In a statement, Marcos counsel Jose Amor Amorado said he had informed Comelec Executive Director Jose Tolentino that they won’t take part in the examination of the VCMs.
“Hence, unless and until, the Presidential Electoral Tribunal (PET) approves the release of the subject VCMs, protestant Marcos will not be sending any representative or any supervisor/lawyer to the 26 October 2016 meeting at Santa Rosa City to witness your proposed release of the 1,356 VCMs to Smartmatic-TIM,” Amorado said.
Last week, Marcos asked the Supreme Court, sitting as the PET, to issue a temporary restraining order (TRO) to stop the release of VCMs to Smartmatic. As of press time, the SC has yet to issue a TRO.
The Comelec earlier decided to grant the request of Smartmatic to recall 1,365 VCMs, which it unilaterally declared to have been unused in the May elections.
Parties in the vice presidential and senatorial electoral protests were scheduled to examine the VCMs on Wednesday to determine if they were indeed not used in the May elections.
Marcos, who lost to Robredo by only 263,473 votes in the May elections, had accused the former Camarines Sur representative of “massive electoral fraud, anomalies and irregularities” involving the pre-shading of ballots, pre-loading of secure digital storage cards for voting data, misreading of ballots, malfunctioning vote-counting machines, and an “abnormally high” number of unaccounted votes or “undervotes,” among others.

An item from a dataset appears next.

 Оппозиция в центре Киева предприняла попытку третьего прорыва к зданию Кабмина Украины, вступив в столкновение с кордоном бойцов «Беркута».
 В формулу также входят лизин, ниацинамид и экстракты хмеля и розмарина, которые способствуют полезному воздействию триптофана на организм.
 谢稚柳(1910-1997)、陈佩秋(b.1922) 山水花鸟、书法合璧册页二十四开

Amorado protested how the examination turned out to be not an inspection of the VCMs, but a “stripping activity” as declared by Tolentino in a letter addressed to the parties in the electoral protest case.
“Please be informed that during the 19 October 2016 briefing at the Comelec’s Training Room in Santa Rosa, Laguna, protestant Marcos’ representatives did not agree to any ‘stripping’ activity. To clarify, what was discussed in the said briefing was only the plan of Comelec to release the 1,356 units of contingency machines to Smartmatic-TIM,” Amorado stressed.

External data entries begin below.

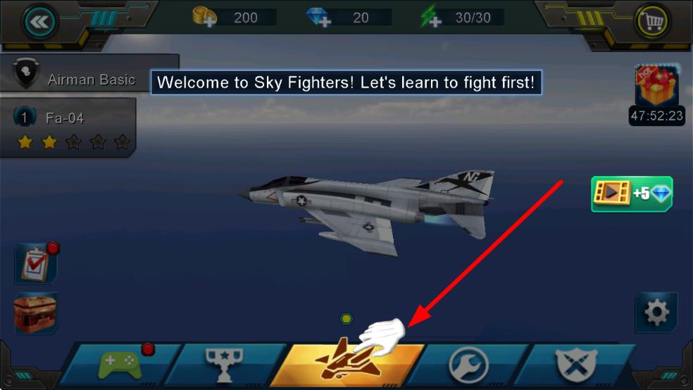 1、按提示点击下方战机图标,进入战斗地图选择,开启空战训练,跟着引导学习基础战斗操作。
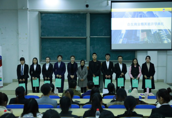 接下來,第二屆“精英班”優秀學生代表發言,代表新生感謝合生商業和學院提供的寶貴的機會并保證必將不斷的提升自己,不負大家的殷切希望。各位領導為新生頒發了開學禮品。
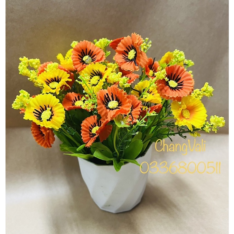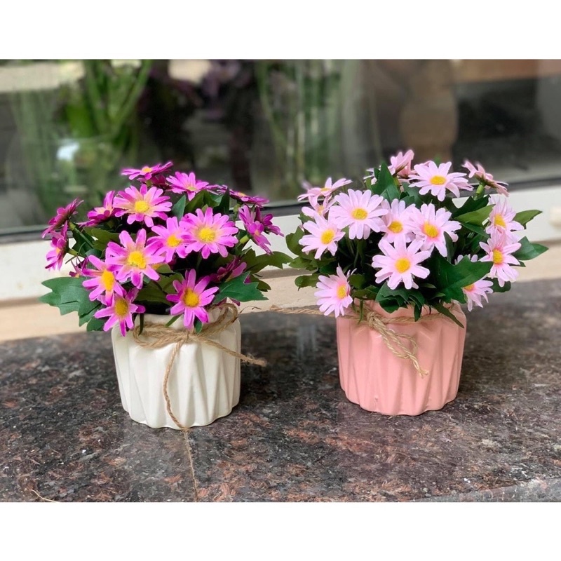 Chậu cây hoa nhí để bàn ,trang trí dercor cực xinhSản phầm gồm chậu và cây hoa trang trí sẵn như hình
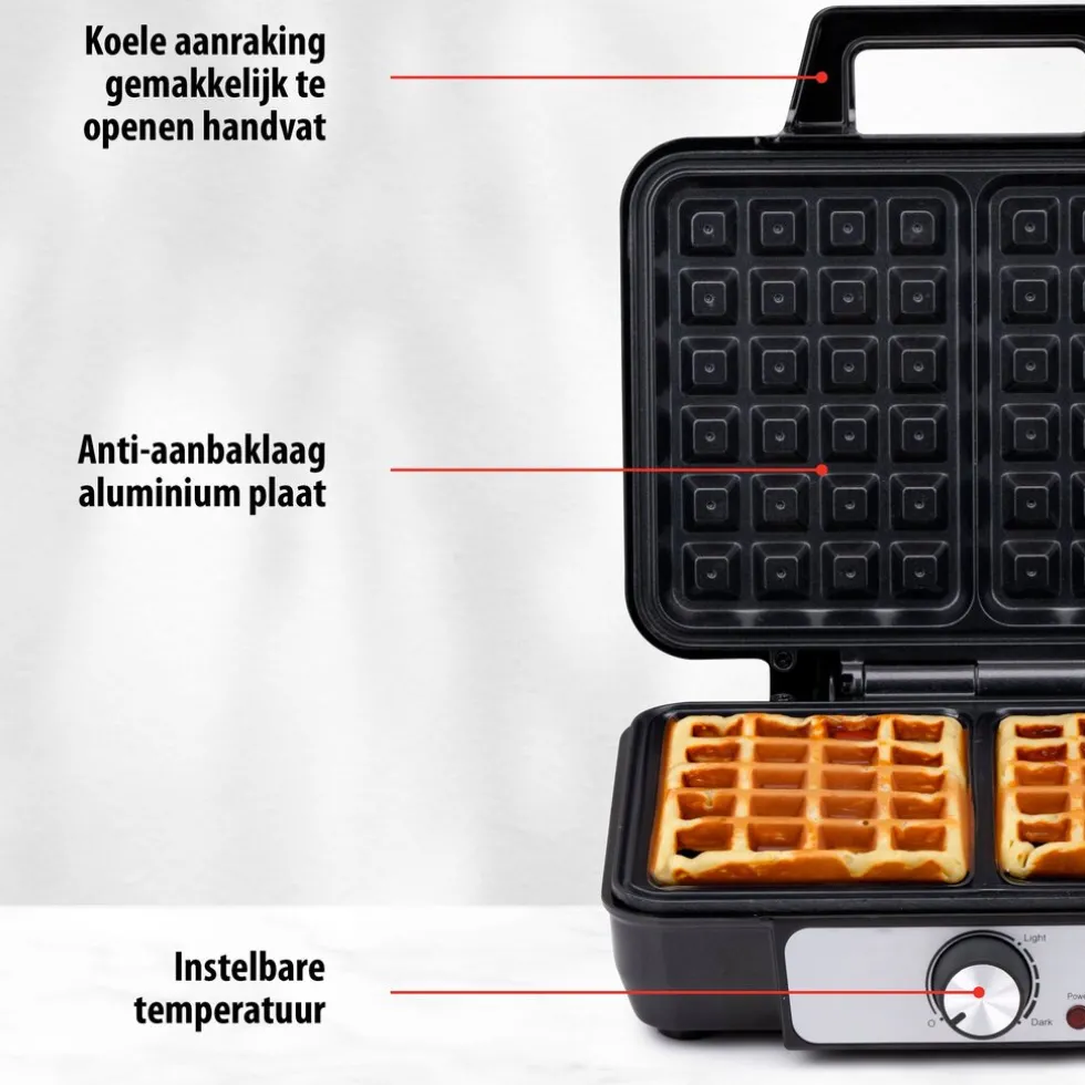 Wafelijzer anti-aanbaklaag en indicatielicht
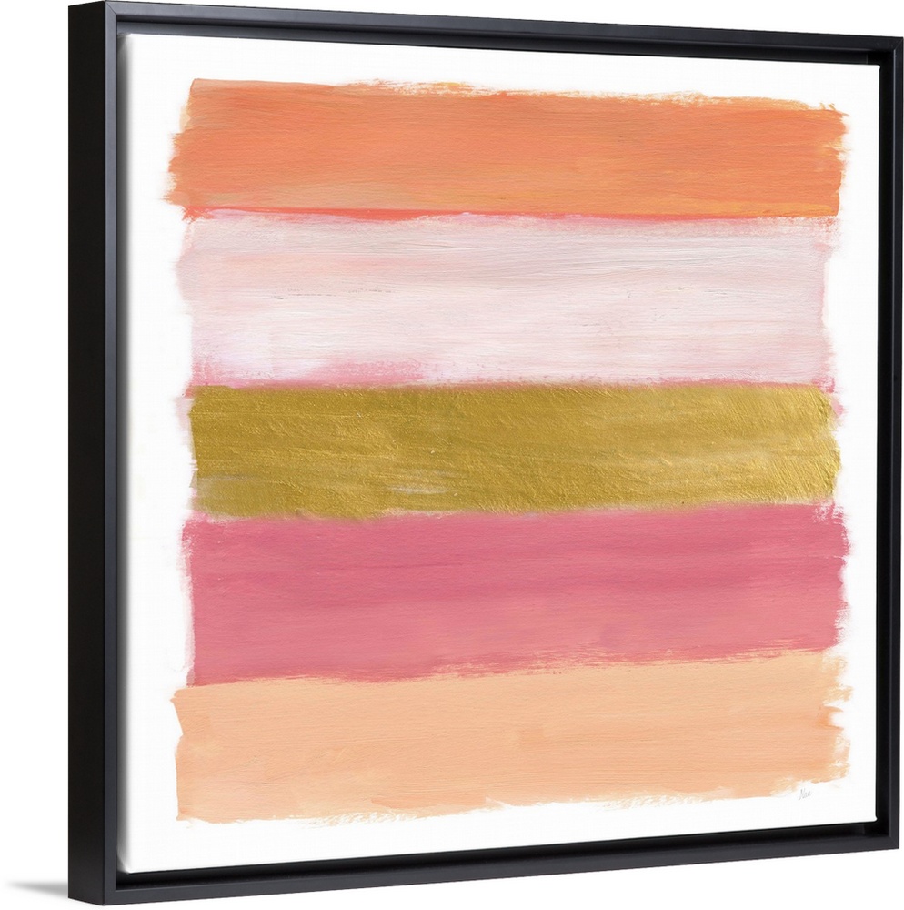 <p>Five horizontal brush strokes stacked on top of each other construct this horizontal abstract contemporary painting.</p>

On October 21, Tolentino wrote Marcos’ lawyers, asking them to furnish the names of those who will attend the “stripping activity” at the Santa Rosa warehouse.

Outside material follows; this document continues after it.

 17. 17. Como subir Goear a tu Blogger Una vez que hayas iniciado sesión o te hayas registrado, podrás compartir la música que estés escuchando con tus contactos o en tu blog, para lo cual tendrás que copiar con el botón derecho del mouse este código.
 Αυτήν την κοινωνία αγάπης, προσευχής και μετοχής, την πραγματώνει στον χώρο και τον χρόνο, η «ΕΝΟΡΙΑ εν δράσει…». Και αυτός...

It was not the first time the Comelec initiated a stripping activity.
In August, Marcos’ lawyers asked the poll body to explain why it approved the stripping of data contained in the secure digital cards and laptop units used during the elections.
The Comelec issued the order on July 12, the same day the PET resolved to issue a protection order to preserve the integrity of all election paraphernalia used in the May elections.
According to the Comelec, the stripping activity was needed because the cards and VCMs were going to be used for the November 2016 barangay (village) elections. The barangay elections however were postponed to next year.